Infrastructure threats: Botnets show DoS who's boss
[Source:www.infoworld.com]
September 18, 2007
Malware-infected botnet PCs have overtaken DoS attacks as the top security issue facing Internet service providers and other Web infrastructure hosting players, according to a new survey of the organizations. Arbor Networks published the results of its third-annual Infrastructure Security Report on Monday -- a survey of 75 large ISPs, hosting companies, and other providers -- which found for the first time that botnets currently outrank DoS threats as the most serious concern for the firms. Tens of millions of PCs are likely infected with botnet programs worldwide, according to survey results, and Arbor researchers said the ISPs they questioned admitted to spending more time and resources battling botnets than ever before.
Infrastructure providers are finding botnets hard to pin down , as the people responsible for controlling the zombie machines are increasingly employing more advanced detection evasion techniques, said Craig Labovitz, chief scientist at Arbor.

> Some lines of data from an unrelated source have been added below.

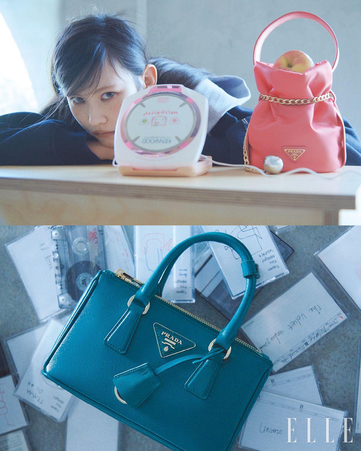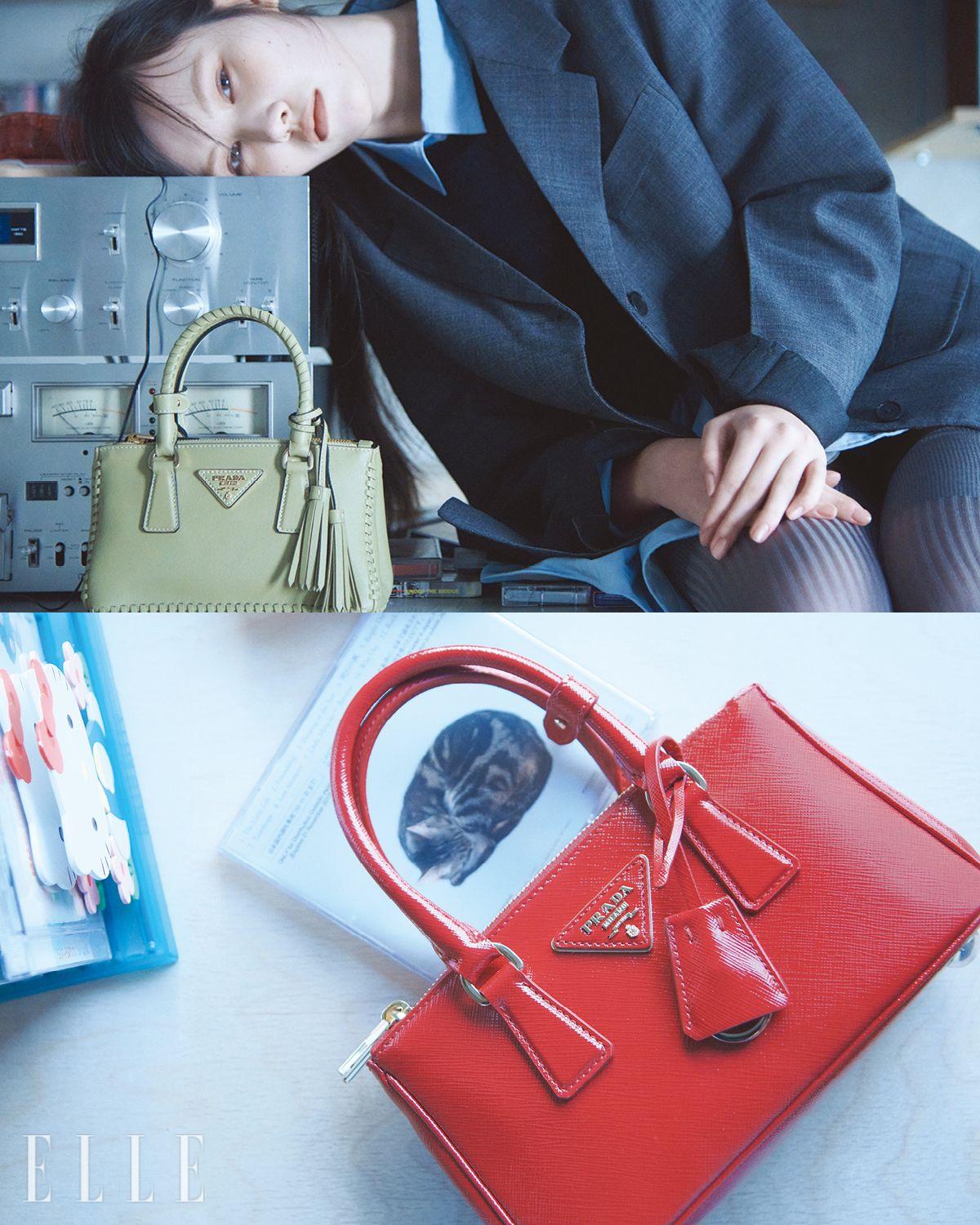 (위) 후디드 울 재킷과 프티 삭 누아르 버킷 백은 모두 Prada. (아래) 갤러리아 미니 페이턴트 사피아노 레더 백은 Prada.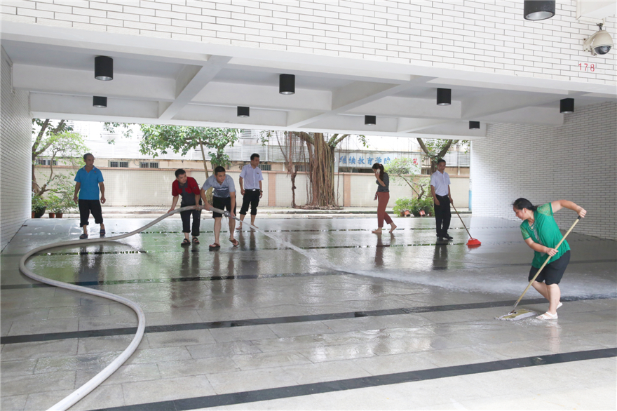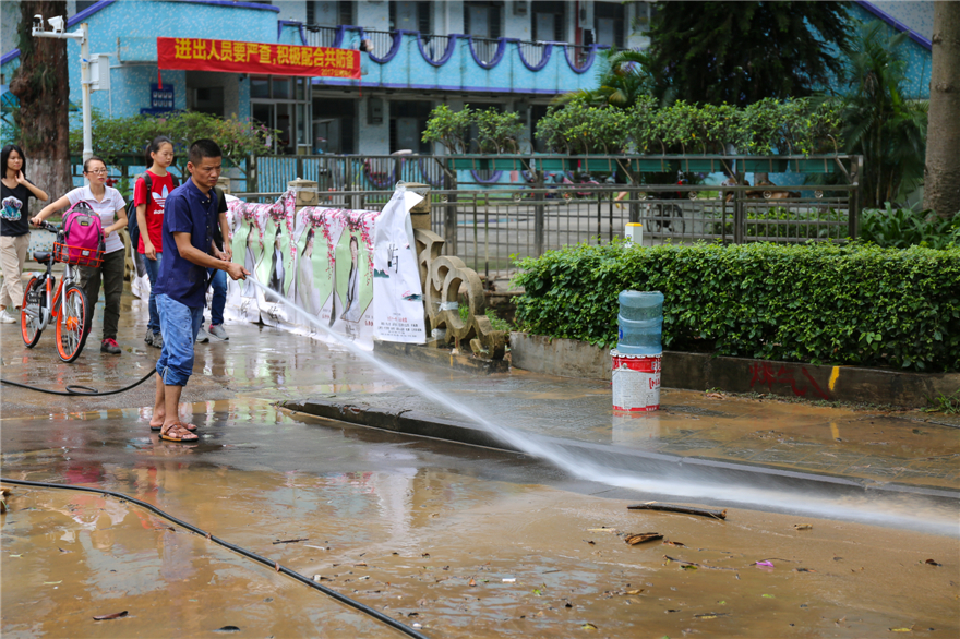 本网讯 6月3日晚8时许,广州突降特大暴雨,降雨持续了近3小时,导致我校北校区部分低洼地段的校道受淹,30余间学生宿舍浸水。学校第一时间启动应急预案,确保学生生命财产安全。6月4日上午,学校相关部门采取灾后清洁措施,截至记者发稿前,校园受浸区域的大部分淤泥已经清理干净。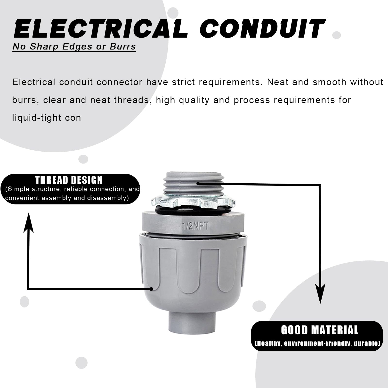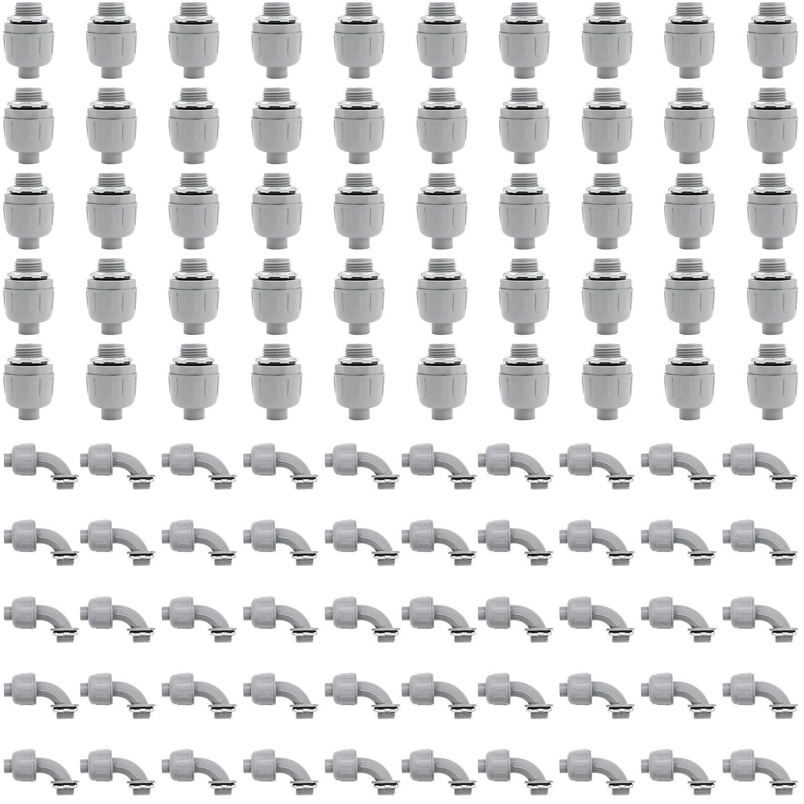 - Liquid Tight Connector: Our 1/2 Inch straight and bend conduit fitting set. Quantity: 100 Pieces, contains 50 pcs straight connectors and 50 pcs 90-degree conduit connector fittings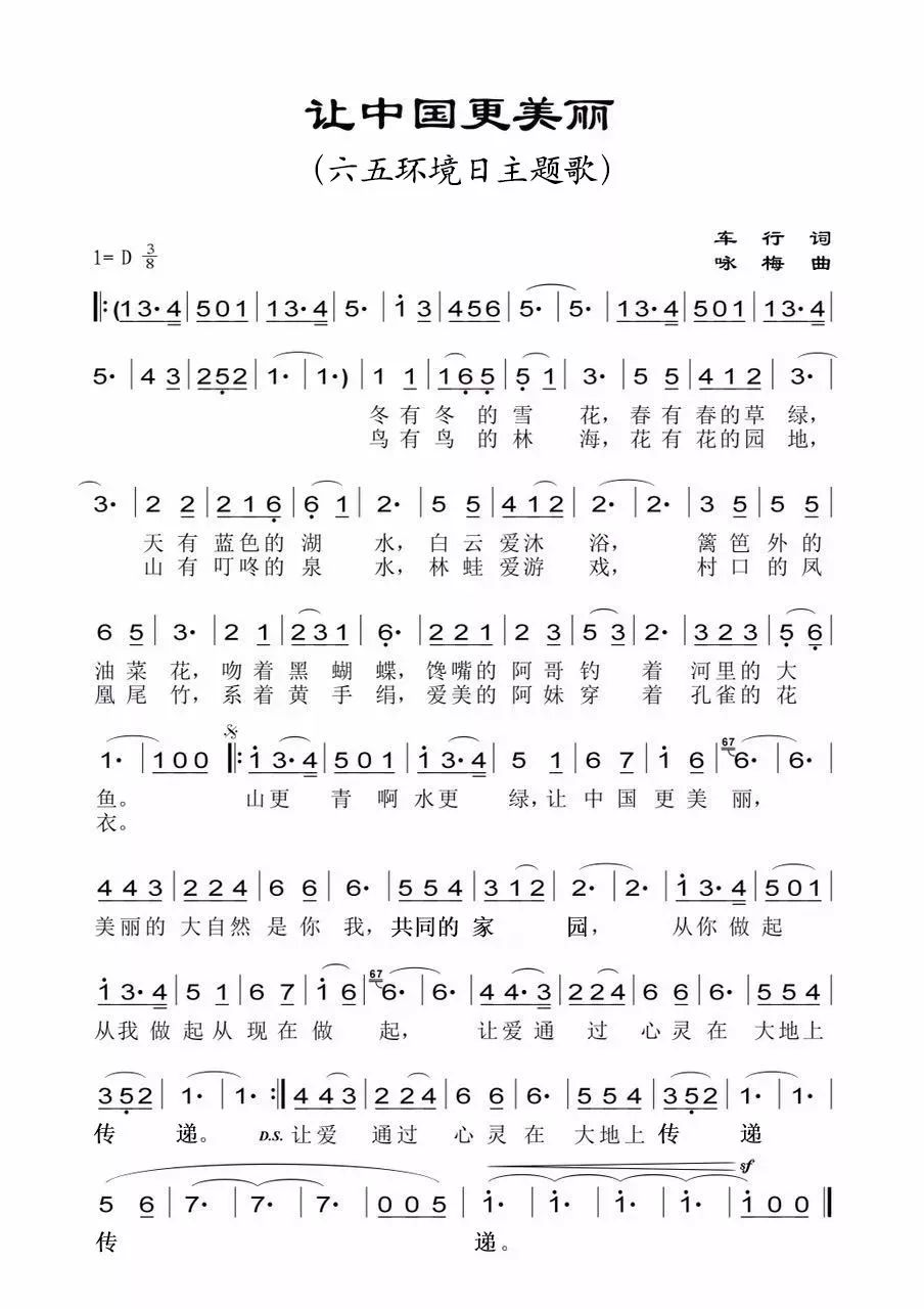2019年六五环境日前,生态环境部发布六五环境日主题歌曲《让中国更美丽》2019领衔示范版,同时面向社会征集该歌曲优秀演唱及器乐演奏作品,并择优在生态环境部官方微博、微信等平台陆续展播。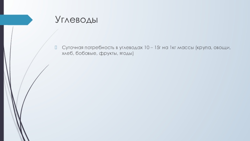УглеводыСуточная потребность в углеводах 10 – 15г на 1кг массы (крупа, овощи, хлеб, бобовые, фрукты, ягоды)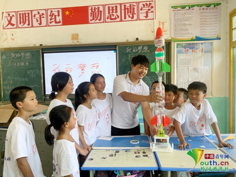 中国青年网永州7月19日电(通讯员 李娟 陈唐 杜俊杰)7月12日,华体会官方版网站登录入口理学院“明理先锋”乡村振兴促进团带领100余名小学生制造水火箭。当日下午,7支满载梦想的水火箭在湖南省新田县枧头学校田径场上发射升空。从水火箭制造到发射,来自华体会官方版网站登录入口理学院数学与应用数学专业、物理学专业的10名志愿者带领小学生学习科学原理,培养动手能力,遨游知识海洋,坚定强国理想。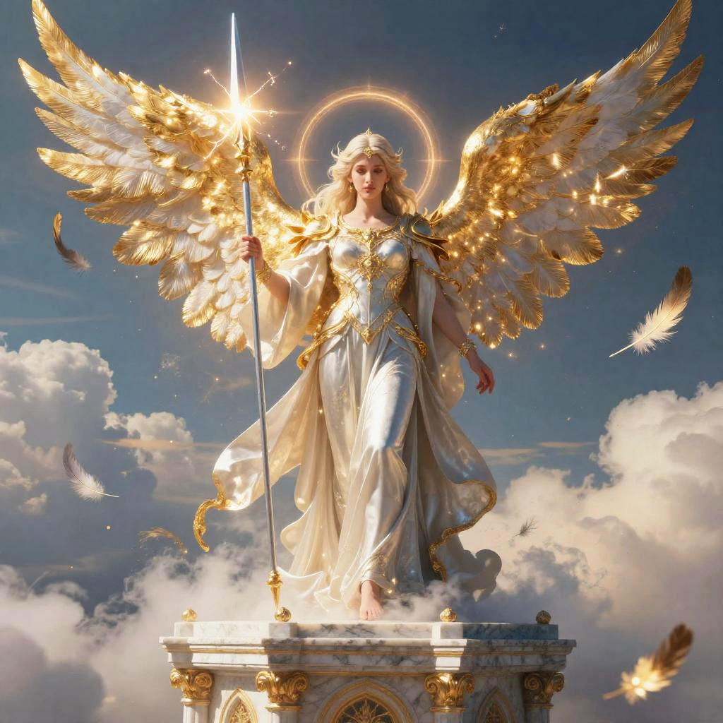 An epic fantasy scene of a celestial guardian angel, wielding a radiant spear crackling with holy light, standing in a floating marble temple in the clouds, surrounded by glowing golden wings and shimmering feathers, with soft heavenly light with iridescent halos, highly detailed, cinematic composition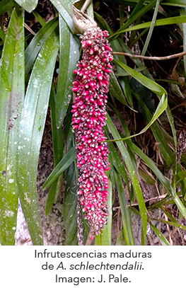 Esta especie es originaria de Belice, Guatemala, Honduras, México (Campeche, Chiapas, Guerrero, Jalisco, Nayarit, México, Oaxaca, Quintana Roo, Tabasco, Veracruz y Yucatán) hasta Nicaragua. En México se le encuentra de 0-1500 (-1700) m, pero más común por debajo de los 1000 m y en los siguientes tipos de vegetación: selva alta perennifolia, selva mediana subperennifolia, selva mediana subcaducifolia, selva baja caducifolia, bosque caducifolio, encinar, palmar, popal, vegetación de dunas costeras, en vegetación riparia, acahuales y cafetales. La planta es útil para la fauna creando hábitat para insectos de hojarasca, debido a la forma de sus raíces y hojas (intencionada en colectar sustrato) (Figura 3). Los principales polinizadores de A. schlechtendalii son coleópteros de las familias Curculionidae, Phalacridae, Chrysomelidae, Bruchidae y Anthicidae, se alimentan de las gotas estigmáticas y del polen. Se tiene documentado que zorros grises (Urocyon cinereoargenteus) se alimentan de los frutos maduros. Ortópteros, lepidópteros (larvas) y alimentadores de savia (Homóptera y Hemíptera) pueden alimentarse de las hojas o la savia (Hellmuth N. & S. D’Angelo, 2022). Mientras para el ser humano aparte de su uso ornamental, se ha identificado como medicinal, ya que se le atribuyen propiedades curativas. De hecho, se cree que tuvo un importante significado para las culturas prehispánicas. Las hojas han sido utilizadas desde tiempos remotos en la medicina tradicional con múltiples propósitos, principalmente para afecciones inflamatorias graves y crónicas, como analgésico y antiedematoso para calambres, dolores musculares, reumatismos, artritis y parálisis. También se le reconoce en la atención de padecimientos renales y con propiedades referidas a una capacidad nefroprotectora (protección de la función renal y prevenir la progresión de la enfermedad crónica), utilizando la infusión de la raíz como agua de tiempo (Zavala-Ocampo et al., 2013). También, evidencias científicas señalan la presencia de antioxidantes y compuestos de tipo fenólicos como responsables del potencial antiinflamatorio de los extractos orgánicos de raíz y hojas de A. schelechtendalii (Stark et al., 2009). Mas interesante es que las hojas y las raíces mostraron una fuerte actividad anticancerígena y las raíces liofilizadas (no secadas al aire) también mostraron fuertes propiedades de inhibición del crecimiento y de inducción de la apoptosis en la leucemia y el cáncer de mama (Abu, et al., 2022).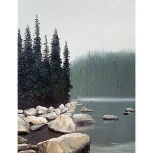 Original Oil Painting Alpine Lake Pines Mist Atmospheric Landscape 11x14" Signed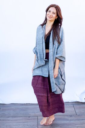 Die Kleidung ist handgewebt und pflanzengefärbt. Das macht den besonderen Look und das einzigartige Tragegefühl aus.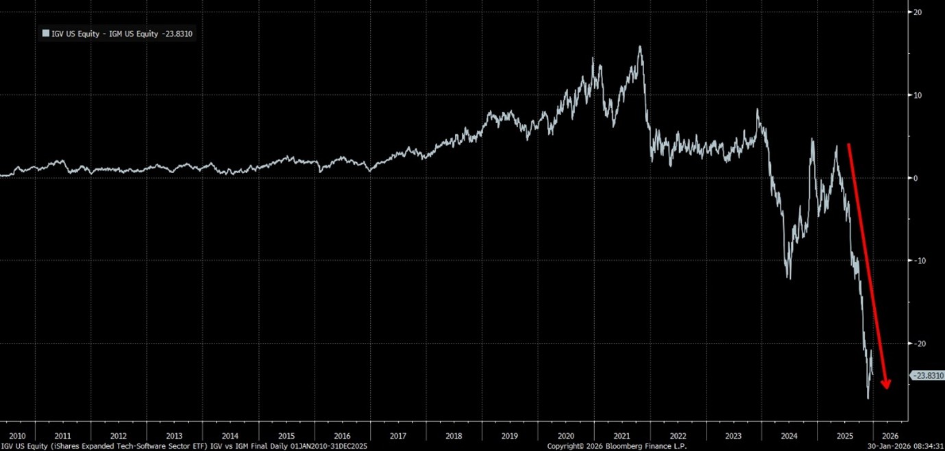As shown above, the market has already begun to price this in. Broad tech and broad software were once highly correlated. This correlation has broken down, with software underperforming significantly. Investors think years ahead; they are placing lower multiples on these companies as their structural advantages come under attack. While "broad tech" maintains its distribution moats for now, the specialised software sector faces the most immediate threat of disruption.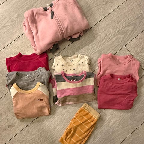 Pent brukt ull fra blant annet Hust&Claire, nameit reflex, joha. Flere sett. Buksene har noen bruksmerker på knærne, og den lilla buksen har hull på et kne. Ellers er klærne i meget pen stand.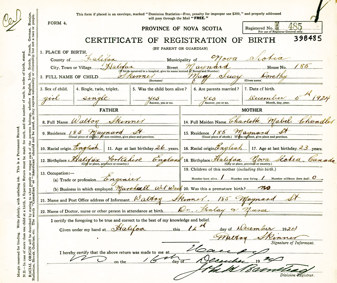Female Birth Registration: Year: 1924 number: 39800485

As they can't accurately gauge the size of the problem, he said, infrastructure providers are afraid they're only scraping the tip of the iceberg in taking on the botnet phenomenon.
Cybercrime is a US$105 billion business now
[Source:www.crime-research.org]
September 26, 2007
"Citing recent highly publicized corporate data breaches that have beset major companies like Ameritrade, Citigroup, and Bank of America, McAfee CEO David DeWalt, said that cyber-crime has become a US$105 billion business that now surpasses the value of the illegal drug trade worldwide.
Despite the increase in government compliance requirements and the proliferation of security tools, companies continue to underestimate the threat from phishing, data loss, and other cyber vulnerabilities, DeWalt said. 'Worldwide data losses now represent US$40 billion in losses to affected companies and individuals each year, DeWalt says.
But law enforcement's ability to find, prosecute, and punish criminals in cyberspace has not kept up: "If you rob a 7-11 you'll get a much harsher punishment than if you stole millions online," DeWal remarked. "The cross-border sophistication in tracking and arresting cyber-criminals is just not there."
Investigators: Homeland Security Computers Hacked
[Source:www.edition.cnn.com]
September 26, 2007
Hackers compromised dozens of Department of Homeland Security computers, moving sensitive information to Chinese-language Web sites, congressional investigators said Monday. Investigators pointed a finger at a government contractor, saying the firm hired to protect DHS computers tried to hide the incidents from the department. The FBI is investigating the incidents, a congressional staffer said, and two members of Congress have asked the department's inspector general to also launch an investigation."The results of our [committee] investigation suggest that the department is the victim not only of cyber attacks initiated by foreign entities, but of incompetent and possibly illegal activity by the contractor charged with maintaining security on its networks," Democratic Reps. Bennie Thompson of Mississippi and James Langevin of Rhode Island said in a written statement.